Par contre, dans la décision Moïse c. Québec (Ville de), C.S. Québec, no 200-17-003853-033, 10 mars 2004, j. Pidgeon, la Cour supérieure citait ce proverbe pour rejeter une requête pour ordonnance de non-publication présentée par le Procureur général du Québec.

Les faits étaient particuliers. Le demandeur avait été libéré d’une accusation et avait ensuite poursuivi la Ville de Québec et le Procureur général du Québec pour atteinte à sa réputation. Le Procureur général du Québec plaidait qu’il devait soulever dans sa défense certains faits visés par des ordonnances de non-publication rendues lors de la tenue de l’enquête préliminaire dans le dossier de juridiction pénale.

Le juge avait écrit ce qui suit :

« [15] Rappelons que le seul motif pour lequel le Procureur général du Québec demande une ordonnance de non-publication est qu'il risque, dans sa défense à l'action civile du demandeur, d'alléguer certains faits qui pourraient être publiés malgré qu'ils soient sous le coup d'une ordonnance rendue par la Cour du Québec.

[16] Il n'y a pas lieu, pour le moment du moins, de prononcer une telle ordonnance puisque celle prononcée lors de la tenue de l'enquête préliminaire vaut toujours et elle doit être respectée jusqu'à ce que le procès des 13 accusés ait pris fin. Tel que le prévoit l'article 539 C.cr., la preuve recueillie lors d'une enquête préliminaire, sous le coup d'une ordonnance de non-publication, ne doit être publiée dans aucun journal ni révélée dans aucune émission.
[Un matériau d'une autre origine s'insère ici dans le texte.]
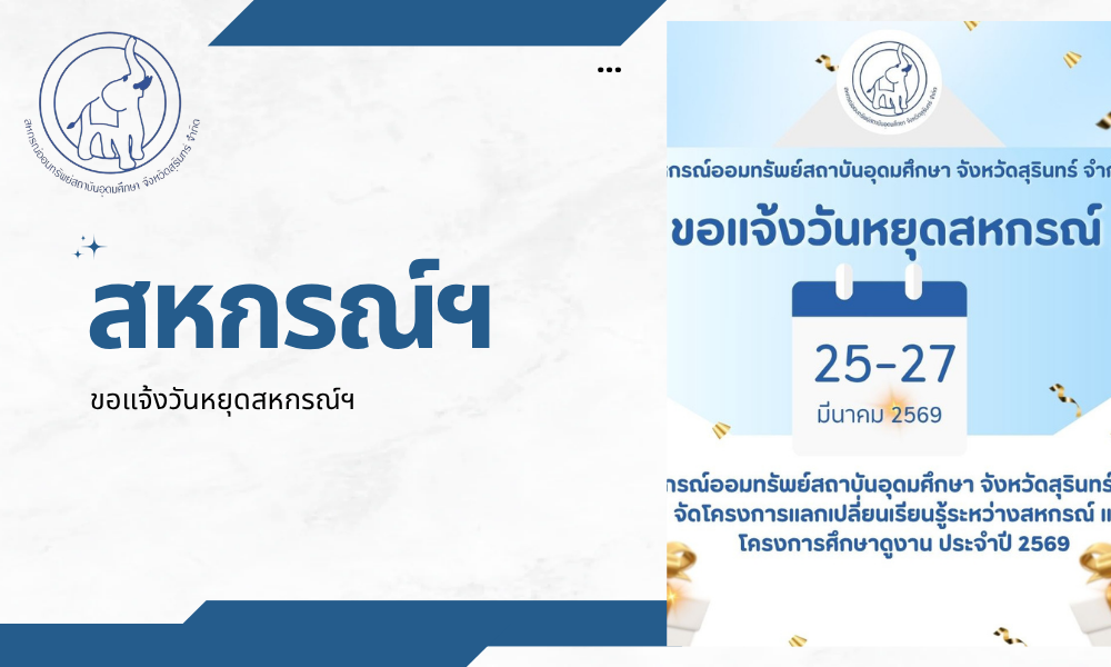 สหกรณ์ออมทรัพย์สถาบันอุดมศึกษา จังหวัดสุรินทร์ จำกัด ประชาสัมพันธ์วันหยุดเนื่องจากสหกรณ์ฯ จัดโครงการ แลกเปลี่ยนเรียนรู้ระหว่างสหกรณ์และโครงการศึกษาดูงาน ประจำปี 2569 จึงประกาศหยุดทำการ ดังนี้

[17] Bref, ce n'est pas parce que des faits sont allégués dans un dossier civil, comme c'est le cas en l'espèce, qu'on peut contourner une ordonnance rendue dans un dossier criminel.  Il serait donc superfétatoire de prononcer une nouvelle ordonnance.
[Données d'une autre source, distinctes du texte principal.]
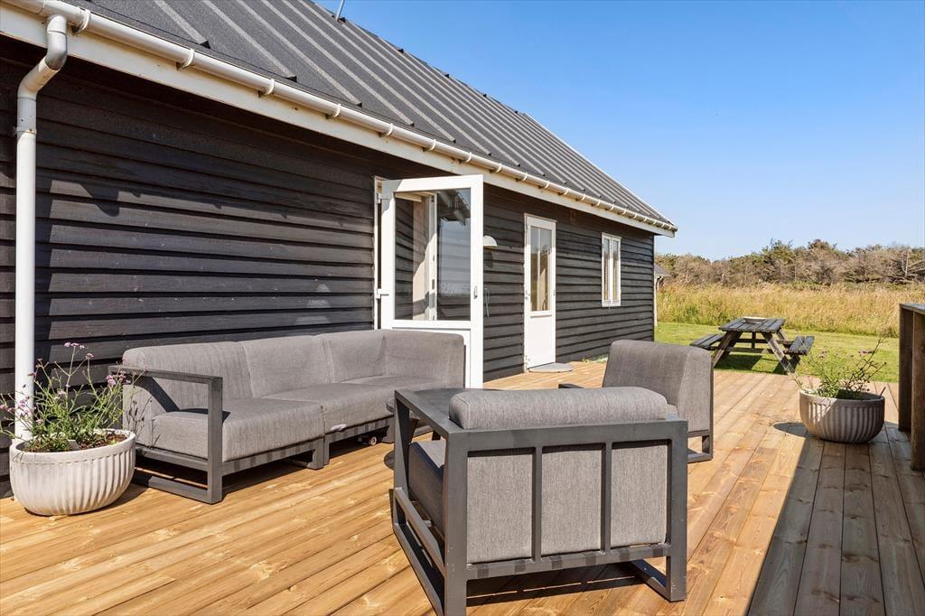 Udenfor venter en stor, grøn have med plads til både leg og afslapning. Måske har børnene lyst til at løbe rundt og spille bold, mens de voksne nyder solen i liggestolene? Terrassen er rummelig og veldisponeret, så du nemt kan finde din favoritplads – hvad enten du foretrækker at mærke solens varme eller bare slappe af med en god bog i fred og ro. Med udsigten til havet som kulisse kan I lade feriedagene flyde i et langsomt tempo og måske slutte dagen af med et glas vin og kig til solnedgangen fra terrassen. Det er ferieidyl på første række – og når mørket falder på, er det svært ikke at glæde sig til endnu en dag her.

[18] L’adage bien connu « le criminel tient le civil en état » s’applique en l’espèce. »


Pour terminer… un proverbe bien de chez nous
Dans la décision Cerundolo c. Lac-des-Écorces (Municipalité du), 2012 QCCS 4160, la Cour supérieure statuait sur les prétentions du demandeur qui requérait que le tribunal le déclare propriétaire d’une bande riveraine qui correspondait à la réserve des trois chaînes, source de tant de jurisprudence en droit immobilier.

Le tribunal rejetait la prétention du défendeur à l’effet que le titre de la défenderesse était nulle. À cet effet, le juge Allaire cite un proverbe rarement invoqué en jurisprudence :

« [103] Pour utiliser une expression qui n’a peut-être pas sa place dans un document judiciaire, mais qui résume bien la situation : ce qui est bon pour minou est bon pour pitou.

[104]  Dit autrement, en attaquant comme étant contraire à l’ordre public l’acte par lequel la défenderesse a acquis de Lacasse une bande de 100 pieds autour du lac, le demandeur se tire dans le pied : son raisonnement mène inéluctablement à la conclusion que son propre titre, émanant du même William Lacasse, en 1933, serait aussi de nullité absolue.

[105]  Or, le Tribunal est d’avis que les deux titres sont valides par l’effet de l’article 45.1 de la loi, qui vise précisément à valider les chaînes de titres, comme si la Couronne n’avait jamais été propriétaire de la réserve des trois chaînes. »

Il est à noter que ce proverbe avait déjà cité en 2009 par un commissaire dans Stawnyczy c. Syndicat canadien de la fonction publique, section locale 3939, 2009 QCCRT 298.
 
Je termine par un proverbe chinois de circonstance : la loi est sage, mais les hommes ne le sont pas (particulièrement l’auteur de ce billet).